Strict Signature Algorithm Checking
As we will discuss in more detail below, the use of SHA1 as a signature algorithm has been removed from use for server certificates. However, since root CA certificates often have very long lifetimes, until recently up to 20 years, use of SHA1 for their signature is still allowed. However, with “strict sigalgs” enabled, their use is not allowed, according to NIST SP 800-131aR2. Therefore, when STRICT_FIPS mode is enabled, use of SHA1 for any certificate is not allowed. Remediation requires creating new certificate. FIPS and NOFIPS continue to allow the use of SHA1 for root or intermediate CA certificates (but not for server certificates).
You can determine the type of algorithm used for the certificate by issuing the following command with the label of the root CA certificate. Repeat it for any intermediate certificates:
gsk8capicmd_64 -cert -details -label <rootcalabel> -db < keystorefrom-SSL_SVR_KEYDB> -stashed | grep -I signature
Signature Algorithm : SHA256WithRSASignature (1.2.840.113549.1.1.11)

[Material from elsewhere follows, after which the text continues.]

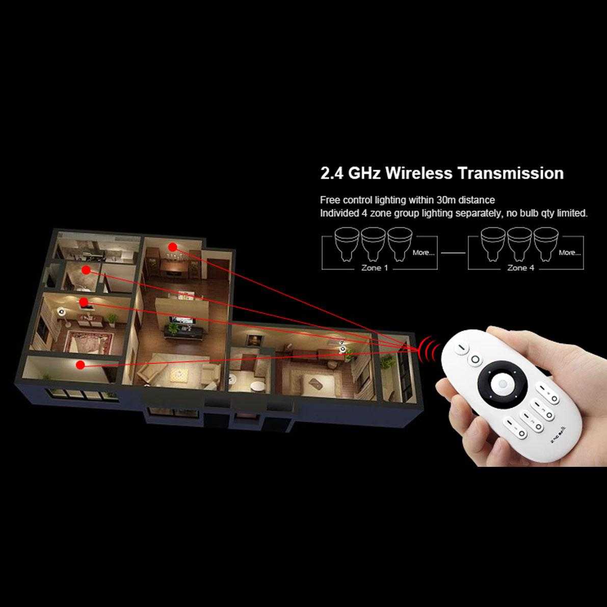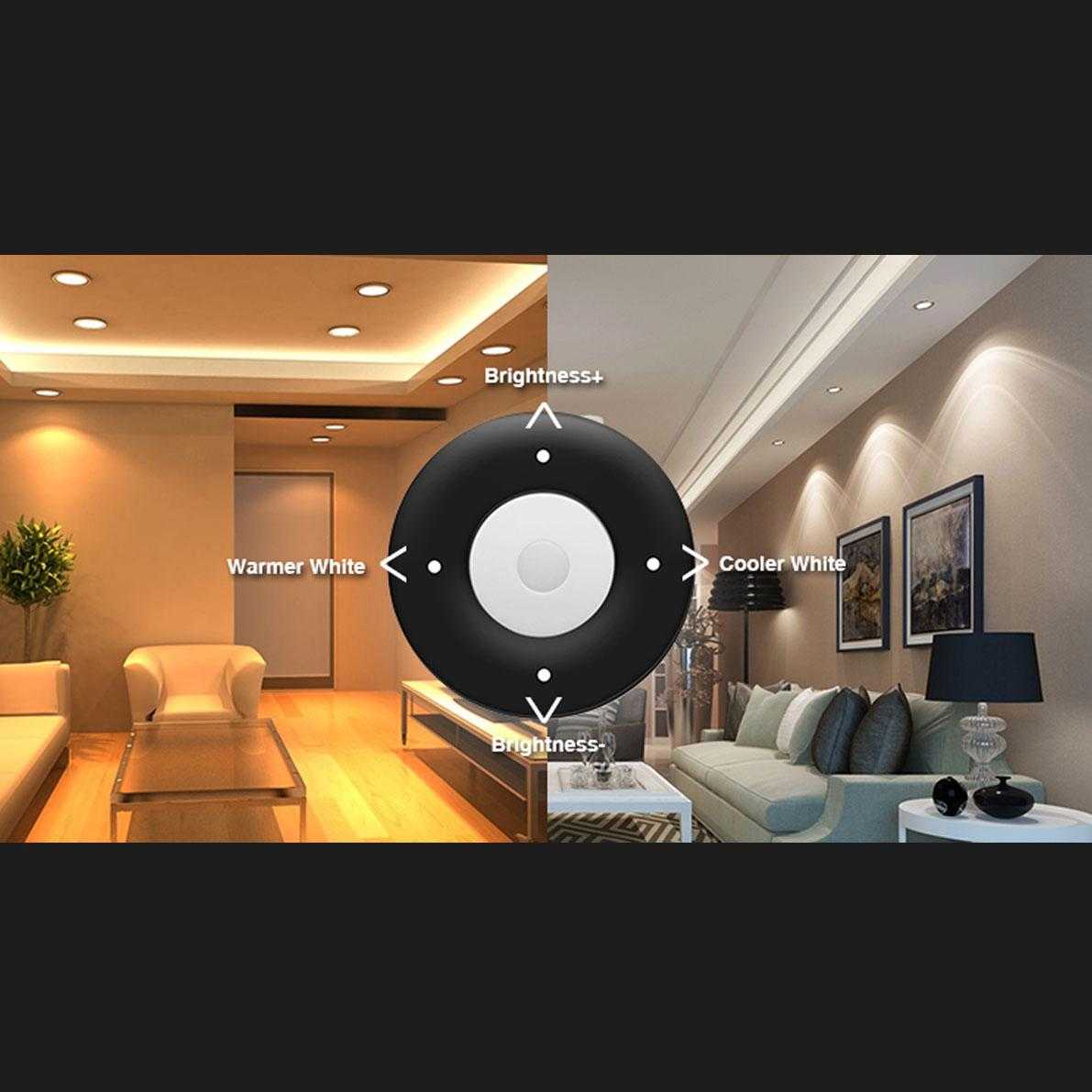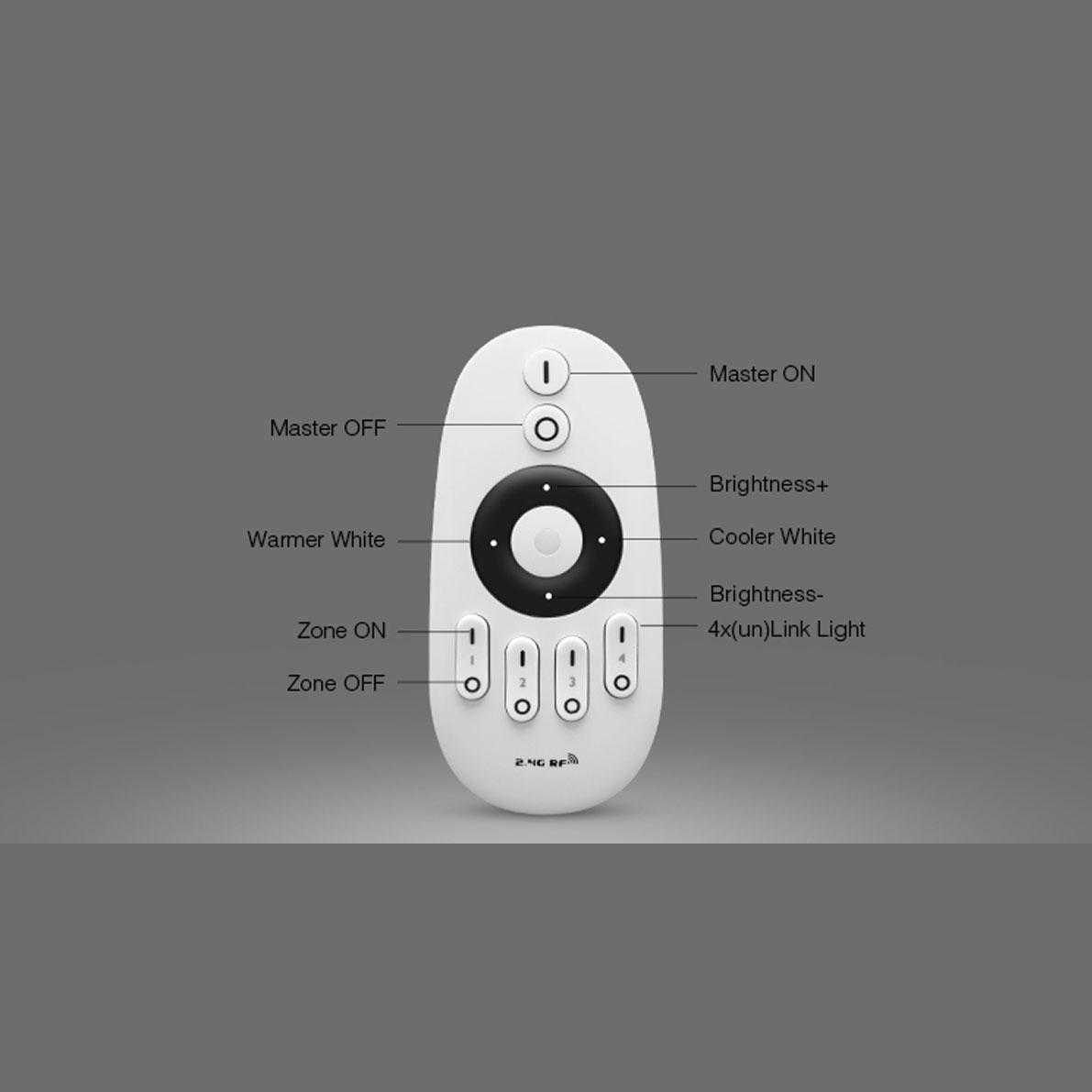 Пульт управления кнопочный Mi-Light для контроллеров FUT036, FUT035. Возможность поддержки до 4 зон. Регулировка яркости, выбор температуры свечения на ленте MIX. Размеры 110х53х22мм. Вес 45г.
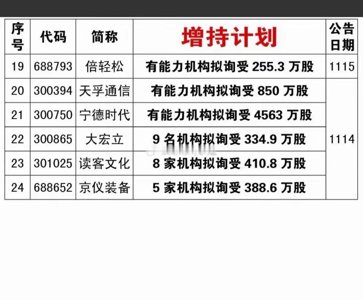 本周:24家上市公司 披露增持计划!(11.15~11.22)这个时候能增持的,绝对是良心好公司,也说明看好公司未来的发展!

If you see SHA1 then you will have errors in STRICT_FIPS mode. In the example above SHA256 is being used and thus has no problems.
Note: while unlikely to be in use for a root CA certificate, MD5, as an even older and weaker algorithm than SHA1, falls under the same behaviour as above with regards to being disallowed in STRICT_FIPS mode.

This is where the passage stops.